AI errors, particularly errors from generative chatbots, are especially concerning because these tools are particularly good at getting us to trust them. Garry, Kenkel, & Foster (2024) outlined how we decide how real or true something is, a process called reality monitoring (10). When we decide how real or true a piece of information is, we tend to rely on heuristics – does that sound familiar? Was the source confident? We can also rely on more effortful processing to determine the truthfulness of information; analyzing logic, checking sources, etc. Garry et al., highlight several ways in which chatbots exploit reality monitoring to seem more trustworthy. First, the conversational way in which people engage with chatbots help to imbue it with person-like characteristics. Second, chatbots often pause when the model is processing the request. ChatGPT will explain that it is “thinking”, “translating the problem”, “defining variables”, “figuring out equations”, and then “adjusting the calculations”. All of this gives the impression that ChatGPT is giving you a slow and deliberate answer. Third, unlike experts who tend to focus on the nuance of their field, chatbots give precise and definitive answers, which people tend to interpret as confidence in credible and accurate answers. All of these make it feel like we are interacting with a trustworthy source, our own personal assistant. It can be tempting, then, for people to think of AI as more objective and perhaps even more credible than expert sources (9).
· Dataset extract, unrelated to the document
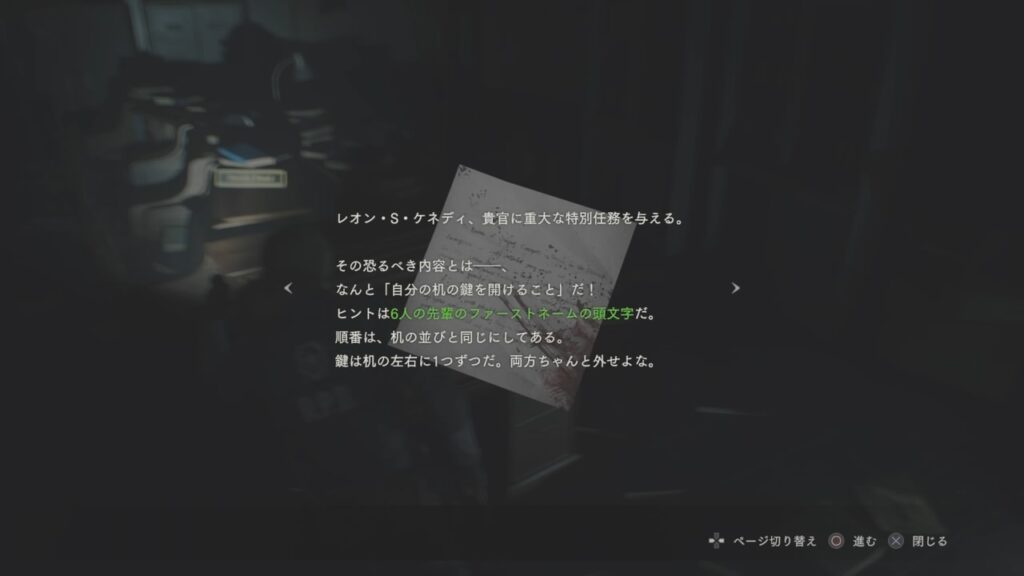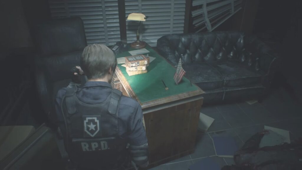もう1度、上官の部屋に戻り、その机を感慨深く眺めるレオン…。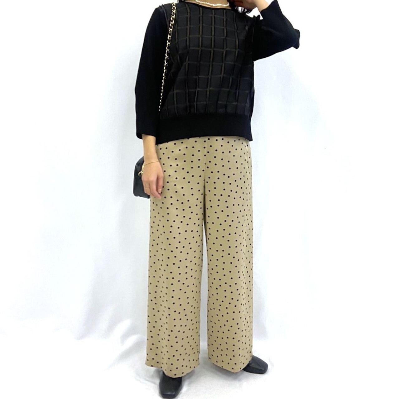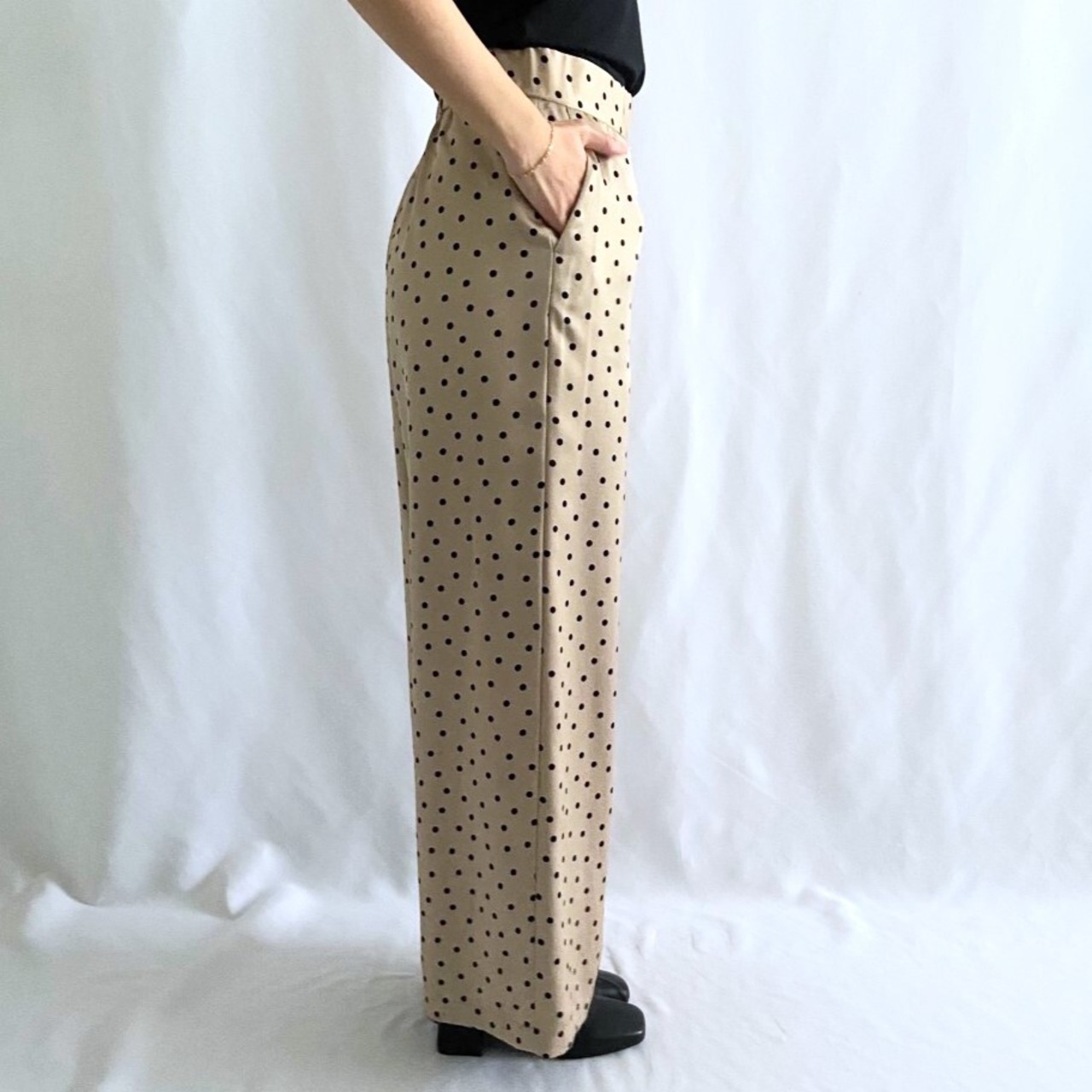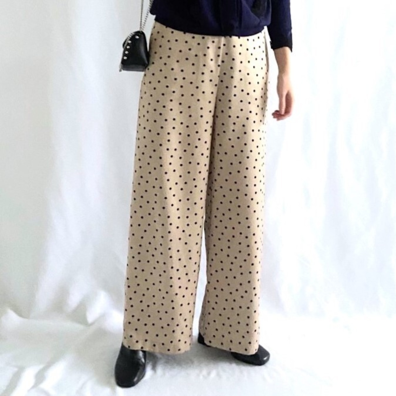 サテン生地にドット柄がレディライクながら綺麗目に使えるワイドパンツ。

Perhaps the biggest concern I have about using AI as a tool for learning is that it has the potential to remove deliberate practice for learners. In the main article that I’ve covered here, Imundo and colleagues largely assumed a good-faith engagement with AI (2). They highlighted ways in which purpose-built and supervised AI tools might used, with supervision, to improve learning or practice. As I noted above, this is very different from how I hear AI being used in education. My friends who teach in K-12 and my colleagues who teach at the university level are not dealing with an influx of targeted, specific AI models that students are using. They’re dealing with students using ChatGPT to outline, refine, and some times just wholesale write papers and complete assignments. I’ve noted at the top of each of these posts that, to the best of my knowledge, I have not used generative AI to write this post. As I edit this in Squarespace an AI tool in the editing pane (next to where I can choose my font and heading style) is constantly flashing. When I searched for articles to explain AI, an AI overview was the first thing to appear. I do most of my writing in Google Docs and it occasionally gives me a little popup asking if I want to try their AI tool, Gemini. It is, frankly, almost harder to not use generative AI at this point. If students are using AI for everything it’s at least in some part because AI is everywhere.